After its early success, the group has continued to grow. Chris says: “It feels like a lottery ticket. We’re growing like lightening. This is our slowest growth year (2022) and it’s still going to be 50%. We’re at 109 employees and we’re turning five in July.” The group has a new chairman - David Robinson, former chief executive of Speedo – who has helped build structure. It is also looking at private equity investment to help expansion, which should be in place later this year.

However, the past few years have not been without their challenges: “One of the biggest things we’ve had to learn is patience. We’re both very impatient people. We want to get stuff done now. In particular, we have needed so much patience with supply chains. We can order things and it takes nine months to arrive.

You’ve also got to trust your gut. If you’ve built something to any kind of size, you’ve probably got good instincts.
Lucy Greenwood And Chris Renwick

Respecting workers’ rights and sustainability is at the heart of the business. The group initially used deadstock fabrics, left over from the manufacturing process, but switched to organic after a year. The group’s dungarees are now made from 100% organic cotton, and coloured with low-impact dyes. It has since expanded its clothing line to include fleeces, t-shirts, skirts, dresses, sweatshirts, trousers, and boiler suits.

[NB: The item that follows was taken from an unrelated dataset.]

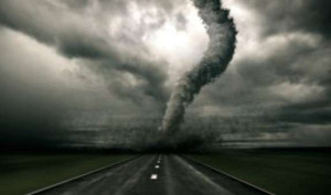 Звивиста гірська дорога. Страшний смерч. Каменопад. Величезні брили гупають на шлях, трощать мости. Брудна вода потоками підмиває ґрунт.

Chris considers it ‘strangely lucky’ that they hit the sustainability trend. The brand has impeccable sustainability credentials, having offset 1,082.2 tonnes of CO2 emissions, planted nearly 15,000 new trees and become one of only 4700 employers in the UK to pay the National Living Wage, as well as its important work in India.

Chris says that their time travelling helped give them a ‘feel of the world and the environment’. He says: “There were times we were penniless. There was one time we were selling avocados by the road in New Zealand to get enough money for food. We taught out in Thailand, where the farmers were telling us that the rice harvests were getting harder every year. In New Zealand, the fisherman said fishing was getting harder and harder.

What next for Lucy & Yak

Chris continues to have big plans for expansion: “There’s so much more potential in the business. We’re growing in the USA. We’re building out the product categories. We’re going to open more shops. We’ve got one shop in Brighton and have just opened in Bristol. We’re now looking at Manchester as well and would like to get to four shops by the end of the year.”

However, none of this will come at the expense of the group’s sustainability credentials: “We love coming up with situations where everyone wins. There doesn’t have to be a winner and a loser. That seems so old hat. That’s what we try and do. That’s the foundation of the business. It’s sheer luck we were ahead of the curve on the sustainability element.”

We go with the flow a lot. The universe just opens doors. We’re not big believers in having goals. You can miss amazing opportunities.
Lucy Greenwood And Chris Renwick

We’re trying to professionalise, but we’re still maintaining that go with the flow attitude. As a team, we’re great. Lucy gets things done. Many people are fearful about putting stuff out there in case it gets criticised. Lucy doesn’t have a fear of failure, but she needs someone around her to give her structure. That’s my job and it’s why it works so well.”